冷冷一笑,秦正澤沖到沈清墨的面前,突地掐住她的下巴,強迫她對上自己的眼睛。

這一雙眼睛依然這麽漂亮。

清澈幹凈的杏眸,烏黑發亮,像是滾在清澈冷泉之中的一顆黑玉棋子。他最喜歡她眼尾微微上挑的弧度,正是這一點弧度讓她略微有些冷的眸光看起來多了幾分嫵媚,看起來像是隨時都會笑起來似的。

可是,這一雙眼睛,以前只裝得下他,現在卻在等著另外一個男人了。

來的是他,不是紀禮淵,所以她失望是嗎?

眸光沈痛,秦正澤聲音黯啞的逼問道,“你說,為什麽不能是我,難道你自從見過我之後就沒有想過我?從沒有像我這樣心被放在油鍋中煎熬嗎?”

想他?像他一樣煎熬?

他哪裏是煎熬的樣子,不是溫香軟玉在懷,還不忘對她冷嘲熱諷麽?

不是縱容自己的新歡來踐踏她這個舊愛麽?

眼中冷意凝聚,沈清墨拍掉秦正澤的手,帶著幾分疏離淡淡說道,“這裏是紀府,自然不是你會出現的地方。”

“你還知道這是紀府?既然知道,你為什麽要住在這裏?”

“既然你也知道是紀府而不是端王府,便應該想得到這裏的一切不由你做主,況且禮淵願意讓我住著,我便是一輩子不走,又幹你何事?”

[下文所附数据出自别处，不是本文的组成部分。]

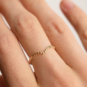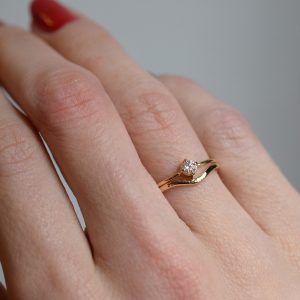 Les alliances courbées sont des alliances réalisée avec un fil d’or en forme de jonc, donc rond. Elles sont courbées sur l’avant de la bague de sorte à pouvoir être portées avec une autre bague de type solitaire (comme une bague de fiançailles) en s’emboîtant parfaitement. Cela crée un ensemble homogène, moderne, confortable et très esthétique. Pour que les deux bagues s’harmonisent parfaitement, il faut bien choisir l’épaisseur de l’anneau pour ne pas que l’alliance soit étouffée par la bague de fiançailles et vice versa.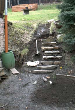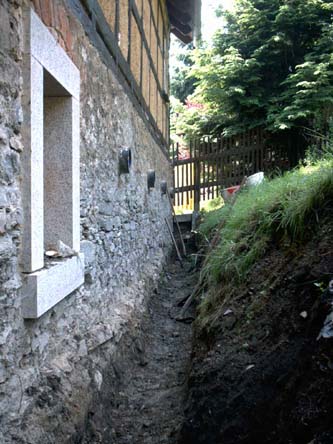 Ansonsten schachteten wir wieder mal etwas hinter unserem Haus zwecks Trockenlegung. Hier und dort war überall etwas zu tun. So zum Beispiel auch die Sanierung unserer Gewölbebögen oberhalb.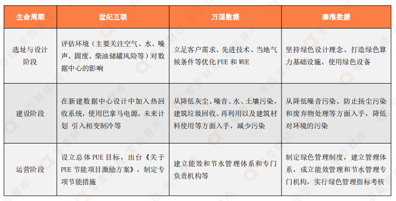 表:三家數(shù)據(jù)中心廠(chǎng)商的全生命周期綠色數(shù)據(jù)中心建設(shè)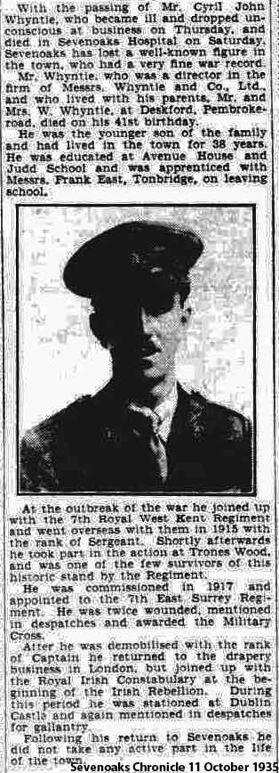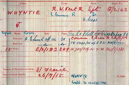 1918 Sep 19 . Won the Military Cross. T./2nd Lt. (A./Capt.) Cyril John Whyntie,. 8th Bn., E. Surr. R. For conspicuous gallantry and leadership near Ronssoy on the 18th September, 1918. He held his company well together in the dense mist and kept them straight on their objective. Owing to the failure of troops in front to take the Green Lane the company soon found itself in the front line and met with heavy machine-gun fire. He at' once extended his company and pushed on, thereby gaining two thousand yards of ground and reaching the Green Line.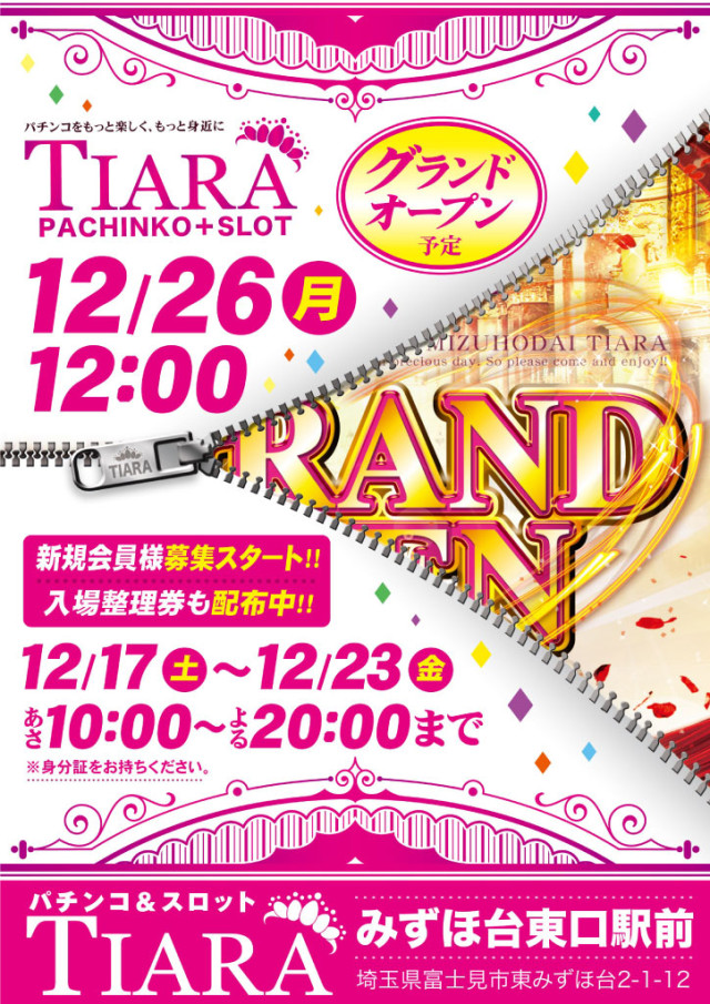 埼玉県富士見市のティアラみずほ台店は12/26(月)12:00にグランドオープンします。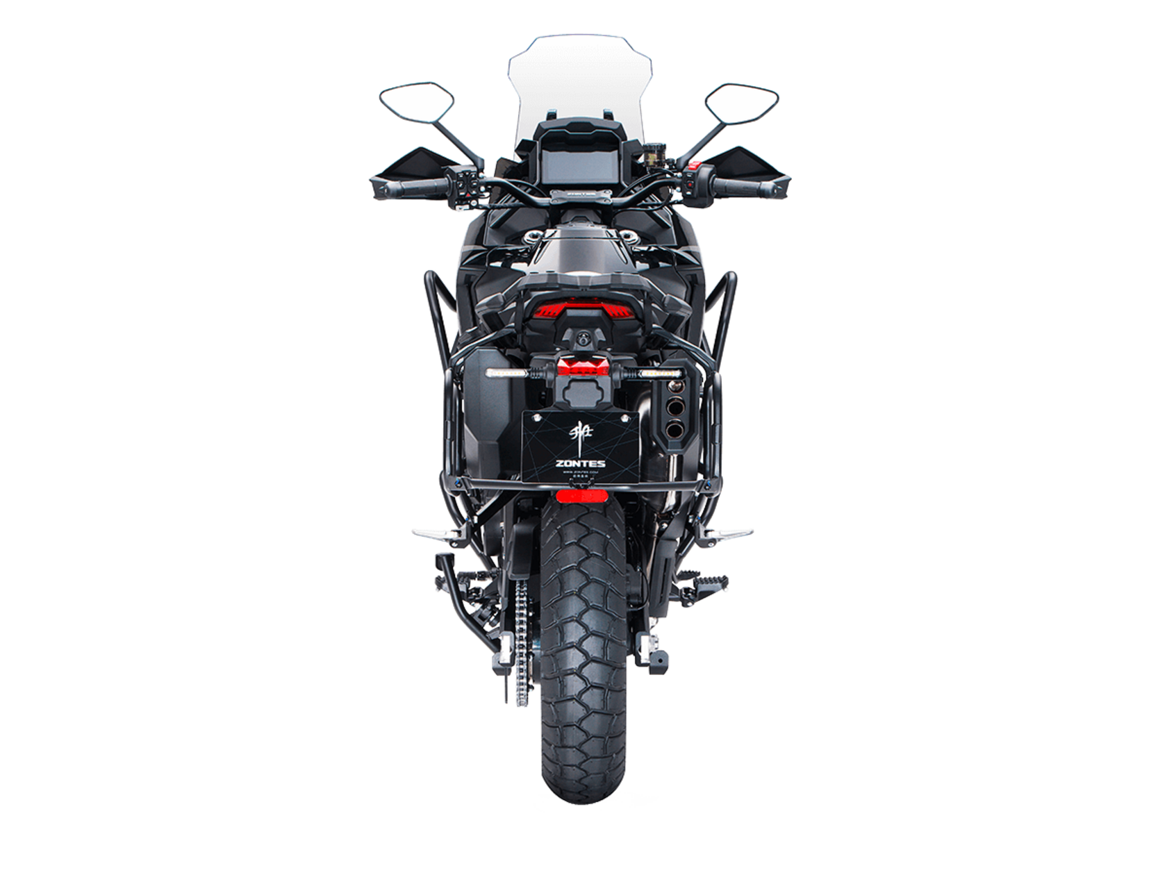 Мотоцикл ZONTES ZT703-F Tour 21/18 2025 – универсальный турэндуро, который подойдёт как для городских поездок, так и динамичных прохватов по грунту благодаря производительной подвеске. Узнайте, что такое настоящее наслаждение путешествием!Силовая установка представлена 3-цилиндровым 4-тактным двигателем объёмом 699 см³ с 4 клапанами на каждом цилиндре и 2 верхними распредвалами. Двигатель способен развивать мощность до 97,2 л.с. при 10 000 об/мин и высокий крутящий момент 76 Н·м при 7500 об/мин, что позволяет развивать большую скорость и с лёгкостью преодолевать трассы со сложным рельефом. Соотношение диаметра цилиндра и хода поршня 70х60,6 мм. Степень сжатия 13:1. Может работать в 2 режимах: ECO и SPORT. Запуск двигателя осуществляется с помощью бесключевого доступа. Установлена алюминиевая защита.Жидкостная система охлаждения эффективно поддерживает оптимальную температуру двигателя. На мотоцикл установлена 6-ступенчатая коробка передач, оснащённая квик-шифтером для переключения передач без использования рычага сцепления.В конструкции мотоцикла используется пространственная алюминиевая рама. Спереди и по бокам картера установлена металлическая защита двигателя. Выхлопная система оснащена стильным глушителем. Ёмкость топливного бака 22 литра.На мотоцикл установлены спицованные бескамерные колёса диаметром 19 дюймов спереди и 17 дюймов сзади. Подвеска изготовлена итальянским производителем MARZOCCHI. Спереди используется телескопическая вилка перевёрнутого типа с ходом 180 мм. Сзади установлен моноамортизатор с ходом 180 мм. Оба компонента регулируются.Дисковые гидравлические тормоза произведены компанией J.JUAN, входящей в холдинг BREMBO. Спереди используется двойной диск 310 мм с 4-поршневыми суппортами, а на заднем колесе расположен диск 260 мм с однопоршневым суппортом. Мотоцикл также оснащён 2-канальной ABS-системой с возможностью отключения, а также настраиваемой противобуксовочной системой.На мотоцикле используется яркая LED-оптика с дополнительным светом и многофункциональная приборная TFT-панель, положение которой можно регулировать. Рычаги тормоза и сцепления можно регулировать. Руль оснащён функцией подогрева и защитой рук. Спереди и сзади установлены видеорегистраторы. Мотоцикл оснащён датчиками давления в шинах. Ветровое стекло имеет электронную регулировку и настраивается через кнопки на руле. Имеется 2 USB-порта. Вещи можно перевозить в багажном отсеке, или присоединить кофры для перевозки: имеется площадка для установки центрального кофра и крепления для боковых кофров. Мотоцикл поставляется с центральной подножкой в комплекте.Габариты мотоцикла 2355x940x1395 мм. Колёсная база 1550 мм. Высота по седлу 830 мм. Вес 228 кг.Комплектация и внешний вид мотоцикла могут отличаться в зависимости от поставки. Изображение на сайте не гарантирует наличие тех или иных опций. Уточняйте информацию при оформлении заказа.
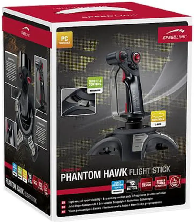 Features - Ultimate gaming experience - PC compatible - Ergonomically designed flight stick - Hand rest for right-handed use - Coolie Hat for an eight-way all-round visibility - Perfect grip on all surfaces thanks to especially strong suction discs - Progressive throttle controller - Twelve programmable digital fire buttons - Force vibration - Rotatable, Z-Axis - 4-way digital D-pad - Cable length: 2m - Dimensions: 185 ÃÂ 240 x 185 mm (W ÃÂ H x D)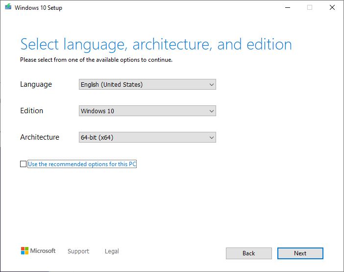 - Τώρα στην επόμενη οθόνη, η γλώσσα, η αρχιτεκτονική και η έκδοση θα επιλεγούν αυτόματα με βάση τη διαμόρφωση του υπολογιστή σας.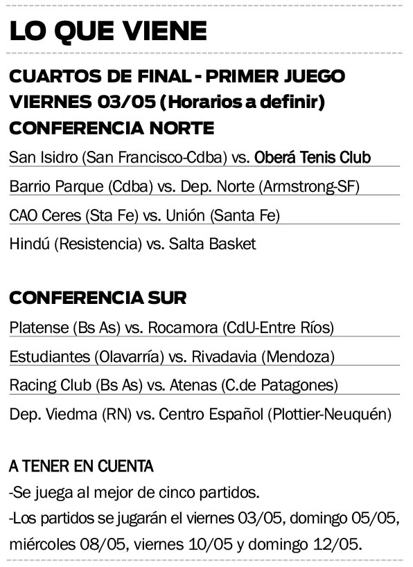 Con las pulsaciones un poco más bajas después del resonante triunfo en tierras chaqueñas, Oberá Tenis Club (OTC) tiene la mirada puesta en lo que se viene: el próximo viernes 3 de mayo enfrentará a San Isidro de San Francisco, Córdoba, por un lugar en semifinales, después de haber dejado afuera al fuerte Villa San Martín en la única serie de la Conferencia Norte que llegó al quinto partido.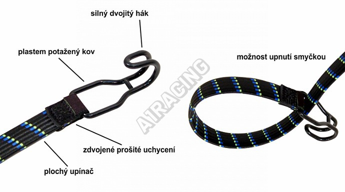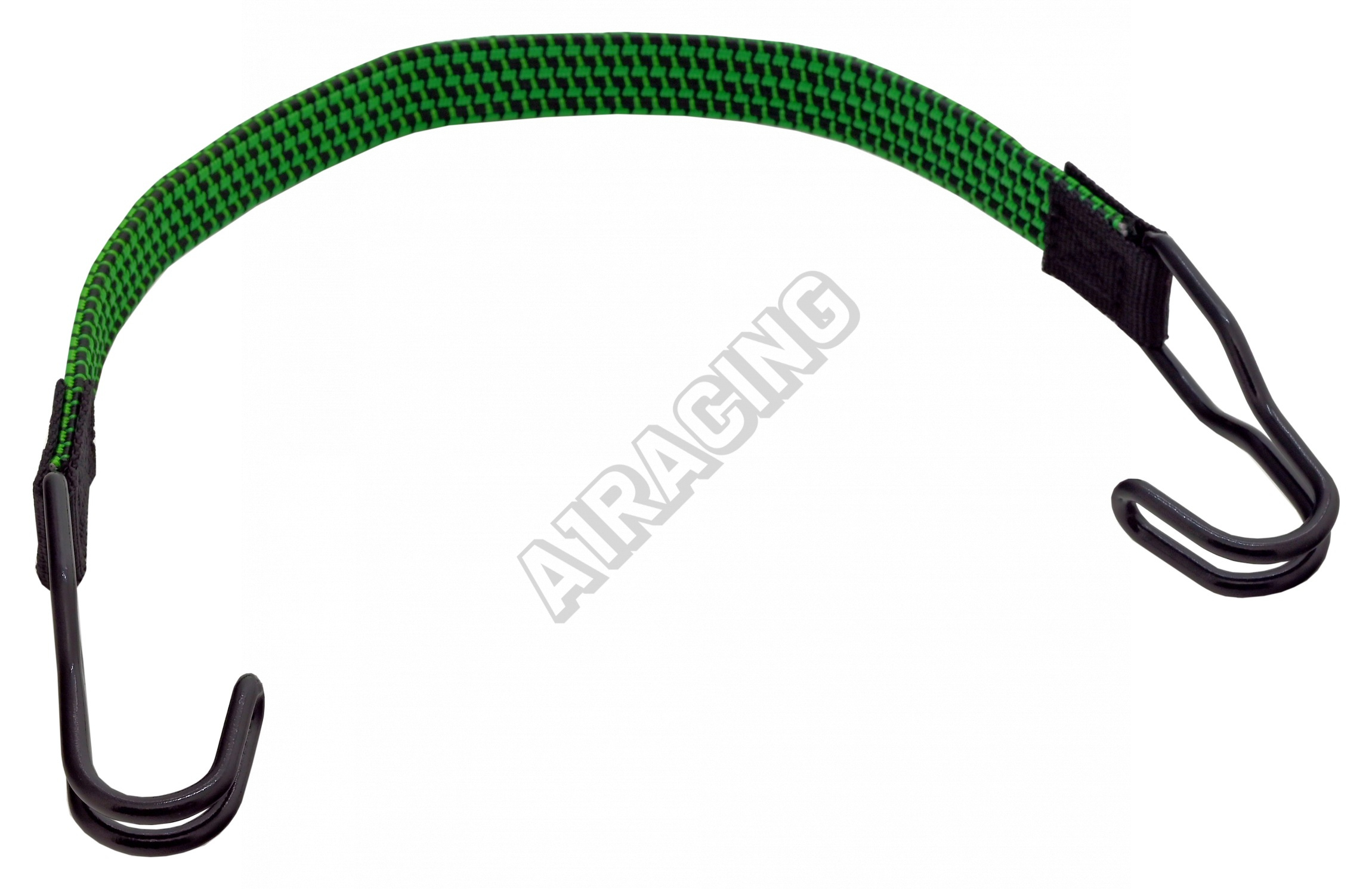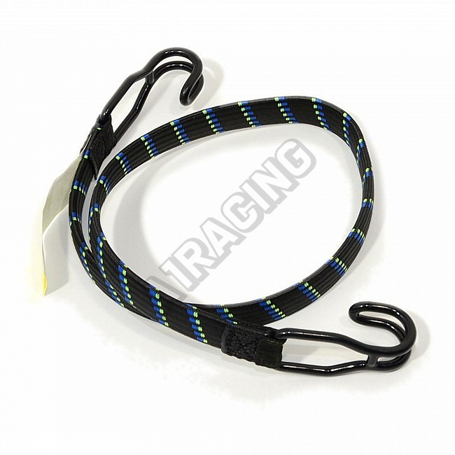 Elastischer Spanner mit flachem Querschnitt, der mit zwei Metallhaken endet.

“禮淵?”秦正澤眸子危險的瞇起來,“你是故意氣我,還是真的已經和他這麽親密了?”

“你一個有新歡的人,又何必為難我這個舊人呢?我是獨守空房還是另投他人懷抱,似乎不是你能幹涉的了。”

“沈清墨!”秦正澤氣得低吼出聲。

沈清墨卻忽的展顏一笑,“你再喊大些聲吧,最好將禮淵給引過來,我也省得自己動手了。”

不再看秦正澤的臉色,沈清墨提步就朝外面走去。

房間的空氣滯澀得很,她一點都不想再呆著。

他在,她就離開!

雖然冷言冷語的應對讓她心裏有一絲爽快,可是她卻並不喜歡這種互相傷害的戲碼,她沈清墨從來不屑於靠傷害別人來救贖自己,就算那人曾經將她拋棄,她也不屑。

“清墨。”身後男人的聲音傳來,沈痛而悲傷。

沈清墨的腳步不停。

“清墨,求你……”

她依舊朝前走。

“我不能沒有你……”

腳步一頓,沈清墨還未來得及反應,一個滾燙的身軀便突地貼上她的後背,男人熟悉而強烈的氣息將她緊緊包圍在其中。

下一刻,她便發現自己的行動已經被禁錮住,這個該死的男人竟然撐著她失神的剎那,用焚世將她的靈力給封住了。

身不由己的被秦正澤給扛在肩上,沈清墨就連喊出聲都沒有辦法做到,他居然連她的啞穴都給點了!

他想要做什麽?

沈清墨拼命的捶打著秦正澤的背,可是卻根本無濟於事。

秦正澤一路飛掠,最後到了一處民宅,從高墻上一躍而下,將沈清墨給抗進了一間屋子。

到了屋中,他才解開了沈清墨的啞穴。

“你看看這裏。”他柔聲說道。

不用秦正澤提醒,沈清墨已經警惕的開始打量這處房間了。

熟悉得很,卻又有一絲不同之處。

沈清墨恍然間發現這件屋子的布置和端王府的屋子一樣,只是房中的家具換成了一整套紫檀木的家具。

“這是文清王府送去的嫁妝?”沈清墨問道,“怎麽會到了你手上?”

“因為我跟他們說了,我想娶的只會是你,只有你才是我的正妃。”

“呵……那燕水媚呢,難道只是你的露水姻緣?”

“今晚我們不提她好嗎?”

“不提她,難道自欺欺人的告訴自己一切如常,你我濃情蜜意,並沒有物是人非嗎?”沈清墨冷笑出聲,“秦正澤,你喜歡這樣無所謂,但是請不要對我有這種強求。”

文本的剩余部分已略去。